2. **TLS required** — relay rejects non-TLS connections in production mode. Dev mode allows `ws://` with `--insecure` flag.
3. **Rate limiting** — 10 failed auth attempts triggers 5-minute lockout.
### Reconnection
- Exponential backoff: 1s, 2s, 4s, 8s, 16s, 30s cap
- Uses `attempt_tcp_probe()`: TCP-only, 5s timeout (avoids allocating resources on relay during probes)
- Emits `remote-machine-reconnecting` and `remote-machine-reconnect-ready` events
- Active agent sessions continue on relay regardless of controller connection
### Session Persistence Across Reconnects
Remote agents keep running even when the controller disconnects.
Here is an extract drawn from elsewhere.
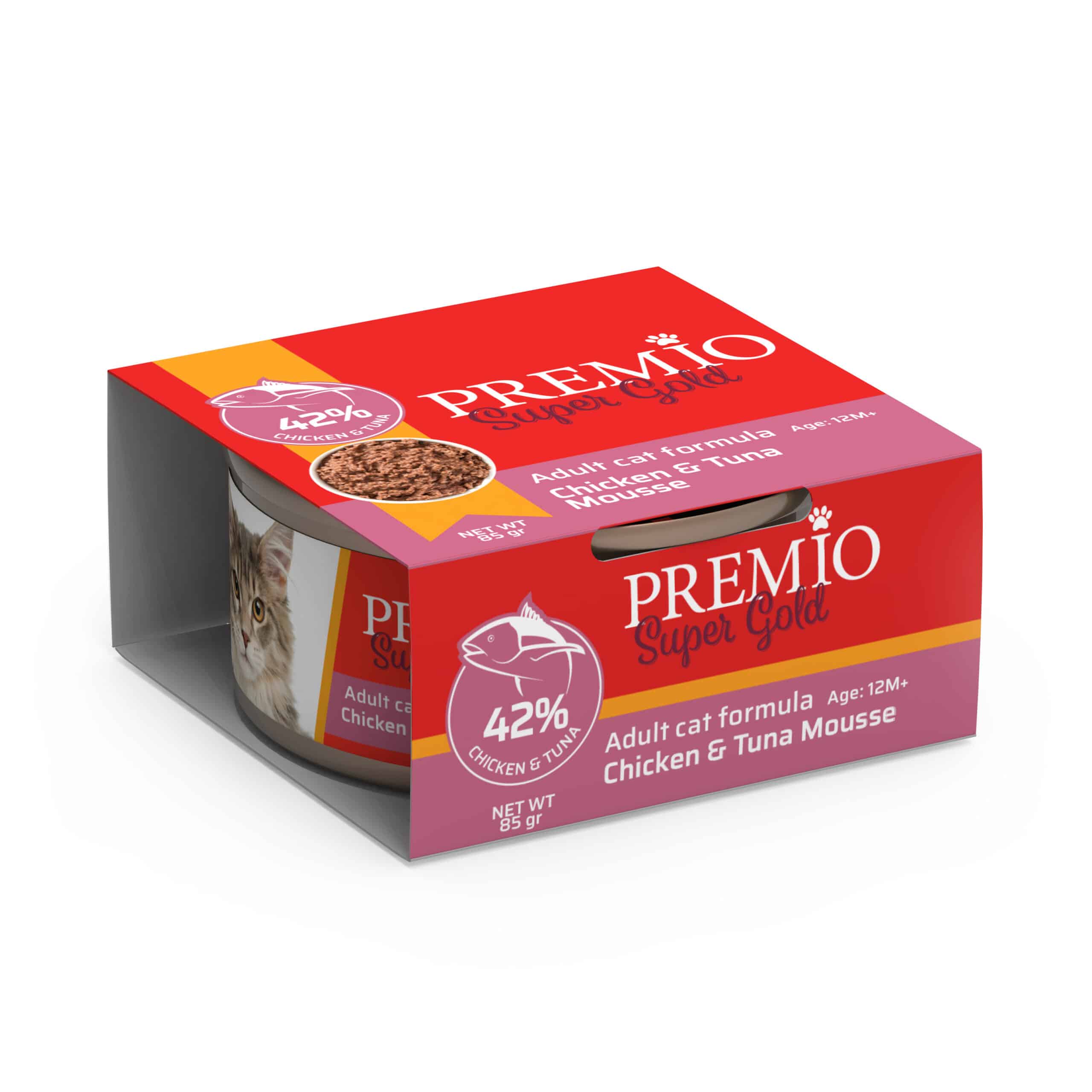 Premio (פרמיו), סופר גולד, מעדן פטה לחתולים בטעם עוף וטונה, 85 גרם

On reconnect:
1. Relay sends state sync with active sessions and PTYs
2. Controller reconciles and updates pane states
3. Missed messages are NOT replayed (agent panes show "reconnected" notice)
## Implementation Summary
### Phase A: Extract `agor-core` crate
Cargo workspace with PtyManager, SidecarManager, EventSink trait extracted to shared crate.
### Phase B: Build `agor-relay` binary
WebSocket server with token auth, per-connection isolated managers, structured command responses with commandId correlation.
### Phase C: Add `RemoteManager` to controller
12 Tauri commands, heartbeat ping every 15s, exponential backoff reconnection.
### Phase D: Frontend integration
`remote-bridge.ts` adapter, `machines.svelte.ts` store, `Pane.remoteMachineId` routing field.
### Remaining Work
- [ ] Real-world relay testing (2 machines)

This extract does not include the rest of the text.